Electrical storm reversible by isoproterenol infusion in a striking case of early repolarization

Anne Bernard 1, Olivier Genée 1, Caroline Grimard 1, Frédéric Sacher 2, Laurent Fauchier 1, Dominique Babuty 1,
PMCID: PMC2705722  PMID: 19152104

Abstract

A 40-year-old woman was referred to intensive care unit after recurrent ventricular fibrillation. She was free of cardiac medical history or medications. The resting ECG displayed an extended early repolarization in the inferior leads and all the precordial leads. Incessant ventricular fibrillations justified a treatment by intravenous amiodarone associated with general anaesthesia and mechanical ventilation without success on ventricular fibrillation. Because of a low heart rate intravenous isoproterenol infusion was initiated. Isoproterenol infusion was associated with heart rate acceleration and a decrease in J point elevation and the disappearance of ventricular fibrillation episodes. No cardiac disease was documented and the patient was implanted of a single chamber ICD. Six months later the patient was free of syncope and ventricular fibrillation on ICD memory. This case report demonstrates the usefulness and efficiency of the isoproterenol infusion to eliminate recurrent ventricular fibrillation in patients with early repolarization.

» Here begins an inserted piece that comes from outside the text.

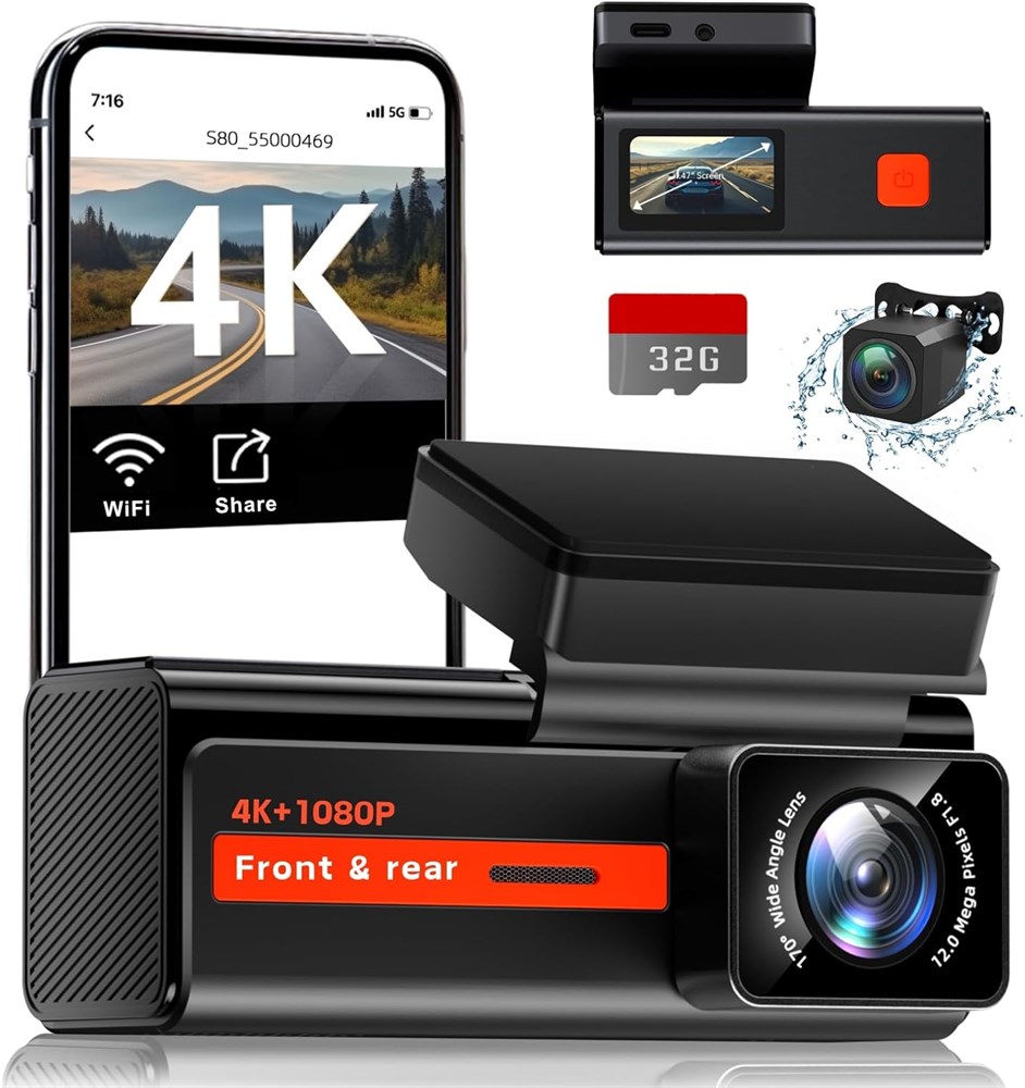 Experience Road Journeys in Stunning Detail Veement S80 dash cam is your all-in-one road companion, capturing every moment with simultaneous 4K(3840x2160P@30fps) UHD front and 1080p(1920x180P@30fps) rear recording. With 4K car dash cam front and back wide-angle lens ensures you don't miss a thing, whether it's the beauty of the open road or unexpected road incidents. Day and Night Clarity and Safety 4k dash camera front and rear is your trusty guardian on the road, offering super night vision technology and a wide F1.6 aperture for crystal-clear footage even in low-light conditions. Feel secure and prepared car dash camera during your night drives or unexpected weather changes. Enhanced Viewing on a 1.47-Inch IPS Display Veement wireless dash cam enhances your viewing experience with its 1.47" HD IPS display. Review your recordings in clear and vibrant detail, adjust settings, and relive your adventures on the spot. Whether you're capturing stunning landscapes or documenting essential evidence with dash cam, S80 simplifies your 4K dash cam experience. Continuous Recording for Peace of Mind S80 dash cam for cars features seamless loop recording, ensuring your latest journeys, events, and unexpected incidents are securely archived. Your road stories are protected. Effortless Connectivity and Sharing Stay connected and share your road adventures seamlessly with 4k dashcams for cars. Wi-Fi connection and user-friendly mobile app. Start using Veement dashcam, and share memorable moments with friends and family, from scenic road trips to humorous traffic encounters.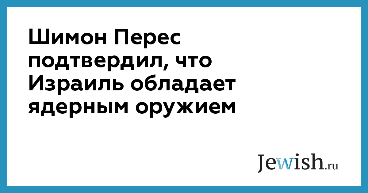 Шимон Перес подтвердил, что Израиль обладает ядерным оружием

Keywords: Sudden death, Ventricular fibrillation, Early repolarization, Electric storm, Isoproterenol


Early repolarization, usually considered a benign abnormality [1, 2], has recently been shown to be involved in primary ventricular fibrillation [3, 4, 5]. We reported a case of ventricular electrical storm in a patient with a major early repolarization which was successfully treated by isoproterenol infusion.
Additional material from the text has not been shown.